Novel finite-time adaptive sliding mode tracking control for disturbed mechanical systems

Abstract

In this paper, the finite-time tracking control problem of mechanical systems subject to model uncertainties and external disturbances is investigated. A new type of finite-time adaptive sliding mode control approach is proposed based on a novel integral sliding mode surface and a novel parametric adaptation mechanism. The integral sliding mode surface is originally designed by utilizing the adding a power integrator technique. The parametric adaptation mechanism is developed by using a single adaptive updating law to estimate the square of the upper bound of the lumped uncertain term. As compared with the most existing studies, the distinctive features of the proposed controller are threefold. (1) Benefiting from the novel integral sliding mode surface, the proposed controller has no singularity problem inherently existing in the terminal sliding mode control. (2) Owing to the use of novel parametric adaptation mechanism, the proposed controller is smooth and the unexpected chattering phenomenon is significantly attenuated.
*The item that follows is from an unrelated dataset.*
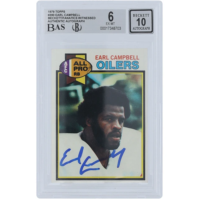 Earl Campbell Houston Oilers Autographed 1979 Topps #390 Beckett Fanatics Witnessed Authenticated /10 Rookie Card
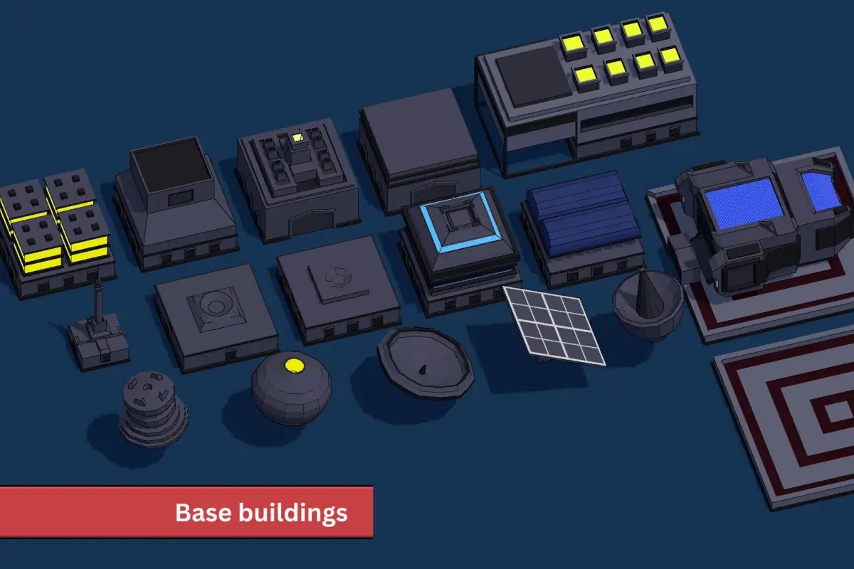 - Buildings (x16) Battery, Warehouse, Generator, Antenna, Drone Hub, Extractor

Moreover, the proposed controller is structurally simple and requires relatively few online calculations, which makes it affordable for practical applications. (3) The practical finite-time stability of the overall closed-loop system is strictly proved. The proposed controller can ensure the position and velocity tracking errors stabilize to the adjustable small neighborhoods around the origin in finite time. Lastly, the effectiveness and advantages of the proposed control approach are illustrated through simulations and comparisons.